**How to complete this task:** A verbatim reproduction of the lines below, from the line containing "Det er ikke" through the line containing "Центр инновационного развития", both ends included, is the whole required output.

Material provided Block Start

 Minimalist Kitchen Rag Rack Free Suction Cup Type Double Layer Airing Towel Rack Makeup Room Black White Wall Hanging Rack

Material provided Block End
Material provided Block Start

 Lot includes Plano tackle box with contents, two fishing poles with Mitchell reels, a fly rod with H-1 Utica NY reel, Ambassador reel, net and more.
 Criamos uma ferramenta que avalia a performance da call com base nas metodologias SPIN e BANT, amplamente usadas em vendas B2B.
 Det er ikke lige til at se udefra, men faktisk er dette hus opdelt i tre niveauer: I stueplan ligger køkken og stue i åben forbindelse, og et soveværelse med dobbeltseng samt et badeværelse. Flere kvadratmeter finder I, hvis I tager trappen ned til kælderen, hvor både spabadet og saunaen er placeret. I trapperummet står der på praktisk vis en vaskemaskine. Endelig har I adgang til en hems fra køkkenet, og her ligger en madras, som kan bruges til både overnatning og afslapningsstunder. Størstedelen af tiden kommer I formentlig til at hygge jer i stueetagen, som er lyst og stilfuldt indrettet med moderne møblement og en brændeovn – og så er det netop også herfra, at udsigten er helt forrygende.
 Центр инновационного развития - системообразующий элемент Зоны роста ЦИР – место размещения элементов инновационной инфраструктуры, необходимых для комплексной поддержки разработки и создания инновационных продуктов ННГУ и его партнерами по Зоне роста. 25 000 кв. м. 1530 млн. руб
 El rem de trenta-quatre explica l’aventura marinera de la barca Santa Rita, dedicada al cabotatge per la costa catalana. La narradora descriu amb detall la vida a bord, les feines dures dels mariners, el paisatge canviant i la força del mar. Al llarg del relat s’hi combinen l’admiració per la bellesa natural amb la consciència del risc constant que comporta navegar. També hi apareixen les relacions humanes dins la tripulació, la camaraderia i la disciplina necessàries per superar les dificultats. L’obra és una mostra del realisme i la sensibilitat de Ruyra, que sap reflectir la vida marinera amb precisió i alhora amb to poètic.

Material provided Block End

**Answer space:**
 Det er ikke lige til at se udefra, men faktisk er dette hus opdelt i tre niveauer: I stueplan ligger køkken og stue i åben forbindelse, og et soveværelse med dobbeltseng samt et badeværelse. Flere kvadratmeter finder I, hvis I tager trappen ned til kælderen, hvor både spabadet og saunaen er placeret. I trapperummet står der på praktisk vis en vaskemaskine. Endelig har I adgang til en hems fra køkkenet, og her ligger en madras, som kan bruges til både overnatning og afslapningsstunder. Størstedelen af tiden kommer I formentlig til at hygge jer i stueetagen, som er lyst og stilfuldt indrettet med moderne møblement og en brændeovn – og så er det netop også herfra, at udsigten er helt forrygende.
 Центр инновационного развития - системообразующий элемент Зоны роста ЦИР – место размещения элементов инновационной инфраструктуры, необходимых для комплексной поддержки разработки и создания инновационных продуктов ННГУ и его партнерами по Зоне роста. 25 000 кв. м. 1530 млн. руб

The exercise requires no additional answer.